Publications

Parallelization Techniques with Improved Dependence Handling [abstract] (PDF)
Easwaran Raman
Ph.D. Thesis, Department of Computer Science, Princeton University, June 2009.

Continuing exponential growth in transistor density and diminishing returns from the increasing transistor count have forced processor manufacturers to pack multiple processor cores onto a single chip. These processors, known as multi-core processors, generally do not improve the performance of single-threaded applications. Automatic parallelization has a key role to play in improving the performance of legacy and newly written single-threaded applications in this new multi-threaded era.
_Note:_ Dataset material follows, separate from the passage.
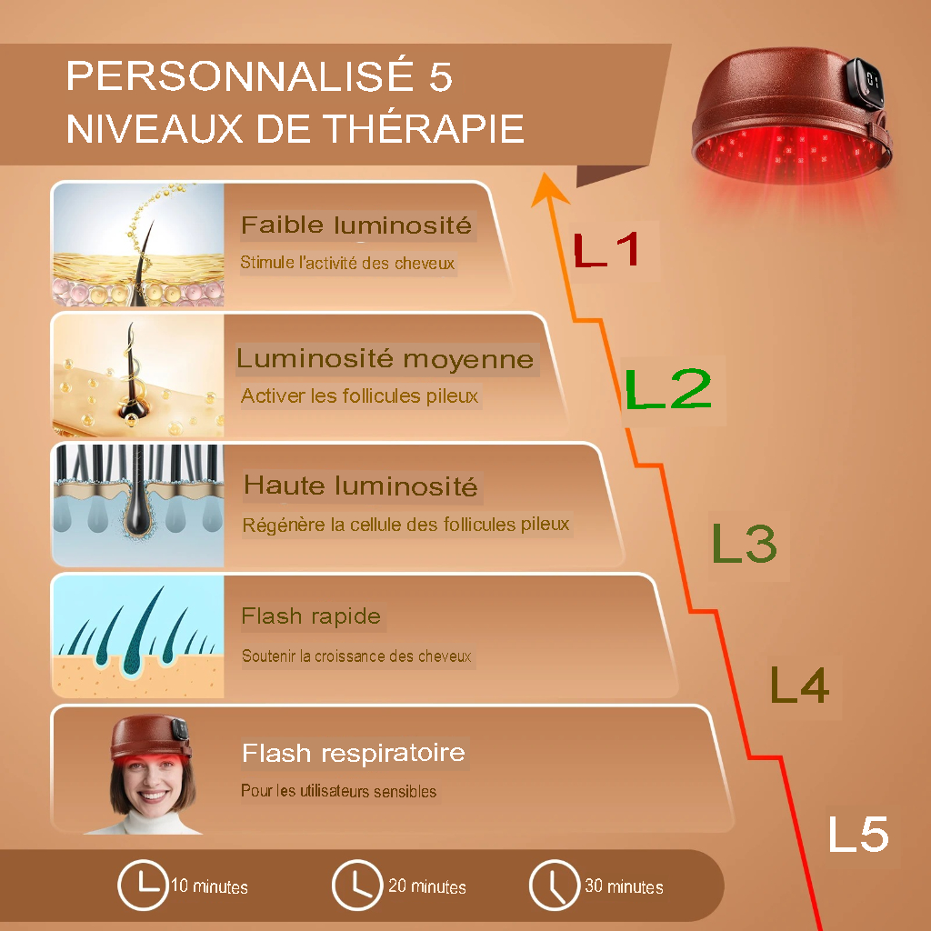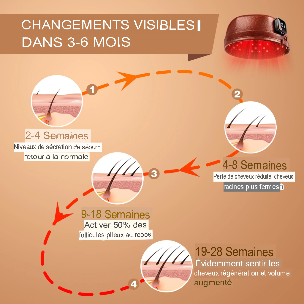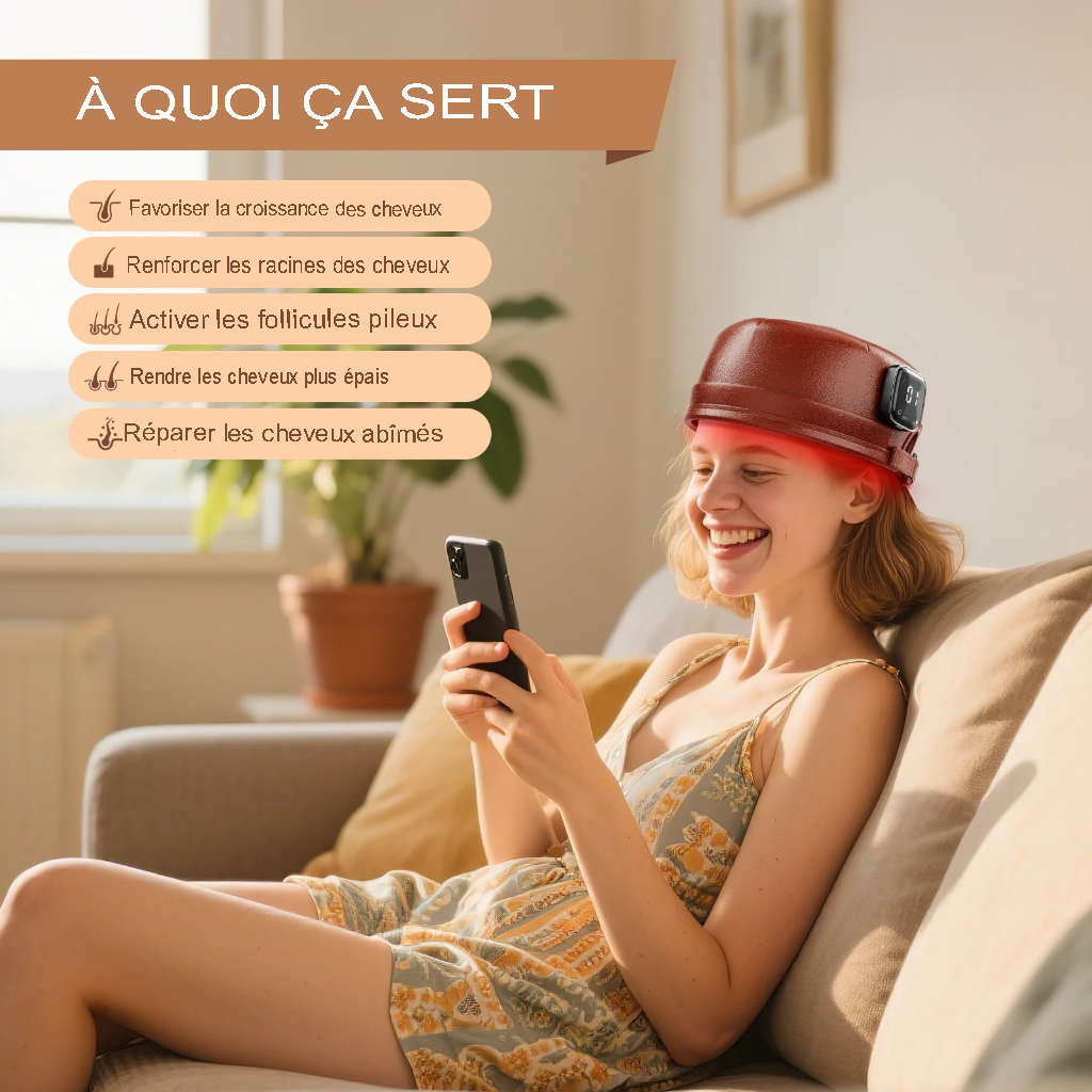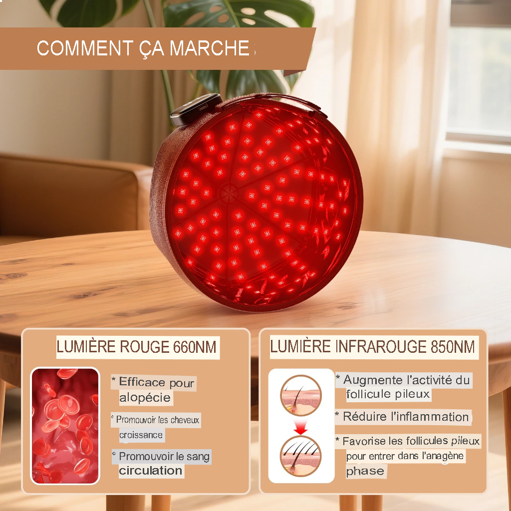 Découvrez les bienfaits de la lumière rouge avec le 120 Diodes Bonnet de croissance capillaire 660 nm et 850 nm, luminothérapie rouge, anti-chute, 3000 mAh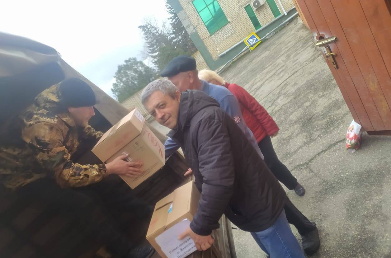 Жители округа продолжают оказывать помощь воинам. Приносят консервы, крупы, сахар, воду, туалетные принадлежности и т.д.

Automatic parallelizations transform single-threaded code into a semantically equivalent multi-threaded code by preserving the dependences of the original code. This dissertation proposes two new automatic parallelization techniques that differ from related existing techniques in their handling of dependences. This difference in dependence handling enables the proposed techniques to outperform related techniques.

The first technique is known as parallel-stage decoupled software pipelining (PS-DSWP). PS-DSWP extends pipelined parallelization techniques like DSWP by allowing certain pipelined stages to be executed by multiple threads. Such a parallel execution of pipelined stages requires distinguishing inter-iteration dependences of the loop being parallelized from the rest of the dependences. The applicability and effectiveness of PS-DSWP is further enhanced by applying speculation to remove some dependences.

The second technique, known as speculative iteration chunk execution (Spice), uses value speculation to ignore inter-iteration dependences, enabling speculative execution of chunks of iterations in parallel. Unlike other value-speculation based parallelization techniques, Spice speculates only a few dynamic instances of those inter-iteration dependences.

Both these techniques are implemented in the VELOCITY compiler and are evaluated using a multi-core Itanium 2 simulator. PS-DSWP results in a geometric mean loop speedup of 2.13 over single-threaded performance with five threads on a set of loops from five benchmarks. The use of speculation improves the performance of PS-DSWP resulting in a geometric mean loop speedup of 3.67 over single-threaded performance on a set of loops from six benchmarks. Spice shows a geometric mean loop speedup of 2.01 on a set of loops from four benchmarks. Based on the above experimental results and qualitative and quantitative comparisons with related techniques, this dissertation demonstrates the effectiveness of the proposed techniques.